Acordam na 3.ª Secção do Tribunal Constitucional

I. Relatório

1. No âmbito dos presentes autos, vindos do Tribunal da Relação de Lisboa, em que é recorrente A. e recorridos o Ministério Público e B., foi interposto recurso, ao abrigo da alínea b) do n.º 1 do artigo 70.º da Lei do Tribunal Constitucional (doravante, «LTC»), do acórdão proferido por aquele Tribunal em 21 de dezembro de 2021.

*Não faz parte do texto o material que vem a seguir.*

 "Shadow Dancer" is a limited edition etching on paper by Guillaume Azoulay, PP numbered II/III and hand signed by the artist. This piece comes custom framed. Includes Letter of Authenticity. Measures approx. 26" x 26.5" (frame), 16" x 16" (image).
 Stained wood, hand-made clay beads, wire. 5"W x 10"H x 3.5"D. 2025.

2. Por acórdão proferido pelo Juízo Central Criminal de Almada – Juiz 6, do Tribunal Judicial da Comarca de Lisboa, o ora recorrente foi condenado pela prática: (i) de um crime de homicídio qualificado, na forma tentada, previsto e punido pelos artigos 131.º, 132.º, n.ºs 1 e 2, alíneas h) e j), 22.º e 23.º, todos do Código Penal, na pena de cinco anos de prisão; e de (ii) um crime de detenção de arma proibida, previsto e punido pelo artigo 86.º, n.º 1 al. d), por referência aos artigos 2.º, n.º 1, alínea m), 3.º, n.º 2, alínea ab) e n.º 4.º, da Lei n.º 5/2006, de 23 de fevereiro, na redação decorrente da Lei n.º 50/2019, de 24 de julho, na pena de um ano de prisão. Em cúmulo jurídico, foi-lhe aplicada a pena única de cinco anos e quatro meses de prisão.

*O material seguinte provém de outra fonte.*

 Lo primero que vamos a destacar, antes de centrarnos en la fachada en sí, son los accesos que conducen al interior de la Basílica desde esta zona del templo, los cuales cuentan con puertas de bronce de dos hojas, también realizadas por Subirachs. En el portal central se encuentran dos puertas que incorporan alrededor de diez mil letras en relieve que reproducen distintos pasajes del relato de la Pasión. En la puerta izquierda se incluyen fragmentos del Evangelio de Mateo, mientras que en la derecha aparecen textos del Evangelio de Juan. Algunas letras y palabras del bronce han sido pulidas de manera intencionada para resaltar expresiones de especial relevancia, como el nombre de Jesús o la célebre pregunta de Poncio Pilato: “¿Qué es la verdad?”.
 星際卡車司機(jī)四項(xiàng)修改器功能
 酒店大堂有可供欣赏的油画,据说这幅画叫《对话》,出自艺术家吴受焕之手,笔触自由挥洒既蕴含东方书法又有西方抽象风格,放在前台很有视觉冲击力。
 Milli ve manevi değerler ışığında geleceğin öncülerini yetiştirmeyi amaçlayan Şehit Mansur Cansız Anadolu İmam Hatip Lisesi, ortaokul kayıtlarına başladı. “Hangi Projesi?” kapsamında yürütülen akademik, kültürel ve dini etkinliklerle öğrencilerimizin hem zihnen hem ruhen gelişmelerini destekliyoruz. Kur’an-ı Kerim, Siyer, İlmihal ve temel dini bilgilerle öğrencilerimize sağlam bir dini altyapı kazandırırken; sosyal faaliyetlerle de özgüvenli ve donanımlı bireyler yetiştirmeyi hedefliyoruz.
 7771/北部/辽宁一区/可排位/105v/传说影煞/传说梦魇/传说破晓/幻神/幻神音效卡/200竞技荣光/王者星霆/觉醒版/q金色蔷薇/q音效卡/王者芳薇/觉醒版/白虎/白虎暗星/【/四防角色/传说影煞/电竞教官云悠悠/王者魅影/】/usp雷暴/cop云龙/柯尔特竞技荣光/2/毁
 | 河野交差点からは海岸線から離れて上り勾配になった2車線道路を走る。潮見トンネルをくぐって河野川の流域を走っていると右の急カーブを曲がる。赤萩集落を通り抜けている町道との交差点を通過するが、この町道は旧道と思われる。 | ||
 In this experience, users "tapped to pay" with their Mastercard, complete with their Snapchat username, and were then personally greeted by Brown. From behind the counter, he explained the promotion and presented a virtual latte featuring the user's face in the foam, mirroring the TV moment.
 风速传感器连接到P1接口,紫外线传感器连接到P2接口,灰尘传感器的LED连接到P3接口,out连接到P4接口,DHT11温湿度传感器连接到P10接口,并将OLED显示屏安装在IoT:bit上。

Inconformado com esta decisão, recorreu para o Tribunal da Relação de Lisboa que, por acórdão proferido em 21 de dezembro de 2021, julgou o recurso parcialmente procedente. Dando «parcial razão ao arguido», único recorrente, o Tribunal da Relação considerou que «os factos provados demonstram a prática [...] de um crime de homicídio simples, sob a forma tentada, decaindo a qualificação», mas, «tendo em conta que o homicídio foi cometido com uma arma (faca de cozinha com lâmina superior a 10 cm)», que cumpria «agravá-lo nos termos do n.º 3, do art.º 86.º, da Lei n.º 5/2006, de 23 de Fevereiro». Em consequência desta dupla operação, o Tribunal da Relação reduziu para quatro anos e seis meses de prisão a pena aplicada pelo crime de homicídio na forma tentada, tendo ainda reduzido para seis meses a pena de prisão pela prática do crime de detenção de arma proibida e para quatro anos e oito meses de prisão a pena única aplicada por ambos os ilícitos.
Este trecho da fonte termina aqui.